Greg Grandin’s work The End of the Myth: From the Frontier to the Border Wall in the Mind of America is a terrific exploration of what happens to this expansionist ethos when there’s no more land left to expand into.
One possible off ramp to the flux is to focus on identity, a stable core out of which we might operate. Identity offers one harbor from the storm, a way for people to grab something stable which might buffer them again a wandering dynamic.
As Fields and Fields argue, race-as-identity is a cultural construction which has wandered around, not providing the stable foundation that identitarians and race-biologists alike want it to have. In an unstable world, many categories of personal identity multiply, both as an effect of the storm which tosses us around, offering us endless variations on being human, and as a stabilizing way out of that storm. But it cannot be both.

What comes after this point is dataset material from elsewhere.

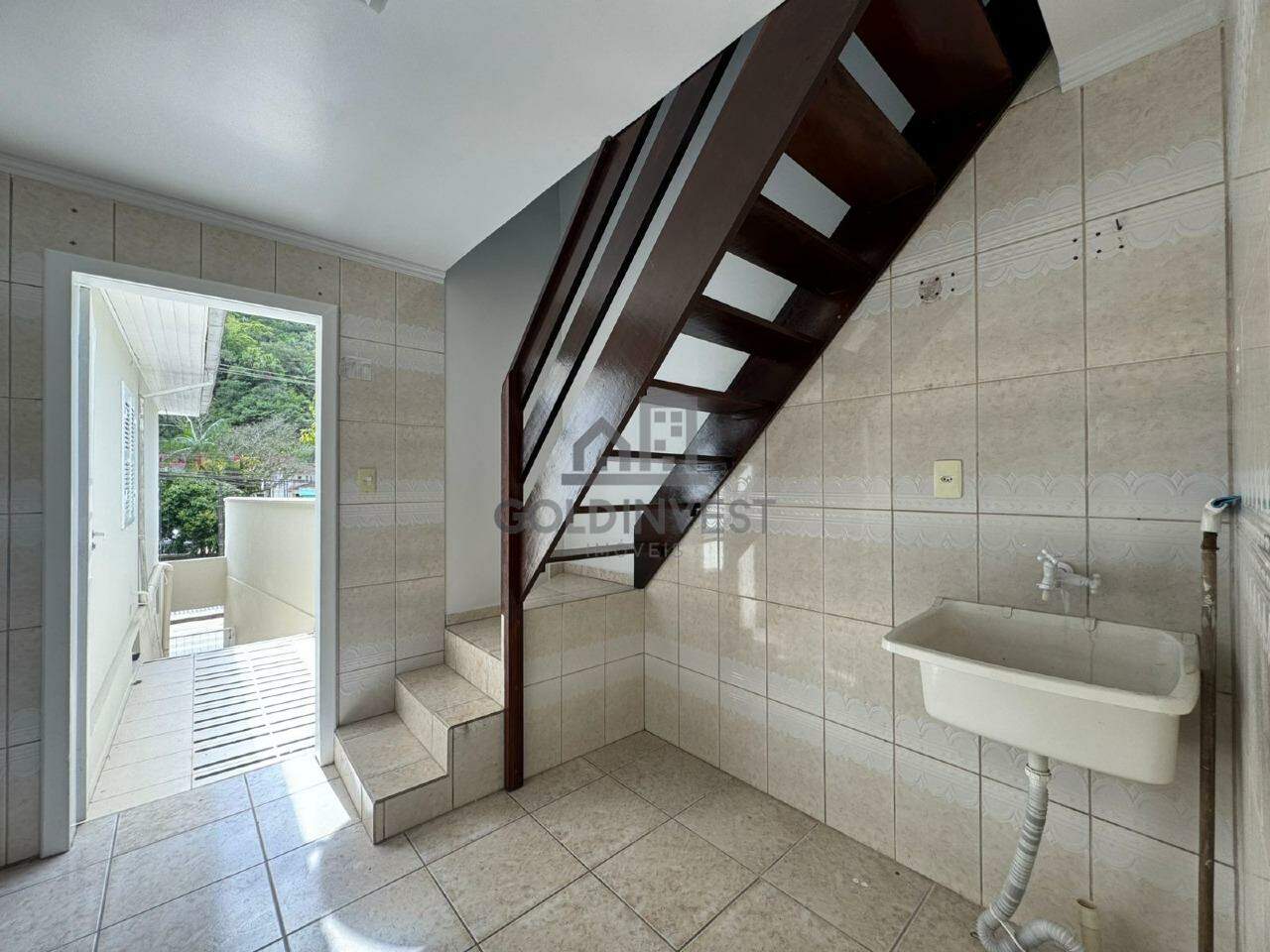 O imóvel fica no piso superior e dispõe de 3 dormitórios, banheiro social, sala e cozinha conjugada, área de serviço e um amplo espaço nos fundos.

The recent ethnocentric claims about nations gets us no further, doubling down on the same kind of stable identity claims, only for geographically bounded populations. For the ethnonationalists, peoples and places and races all come as a package deal and nations should be fine with guarding racial borders. But what could that kind of place be, particularly if race does not carry the substantive claims of identity that we think it does, if race is itself is a kind of fiction? What kind of nation emerges ex nihilo, fully formed within to the degree that it need never admit anything from outside, that it need not be formed by visitors, strangers, and outsiders? What kind of people exist as a homogeny, as a rarified collective unified and pure? Is there a place outside the flux to be able to stand?
Survivalist shows are mirror images of reality dating shows in this way: both trade on scarcity as something to be turned into a game, to be toyed with, rather than taking it seriously.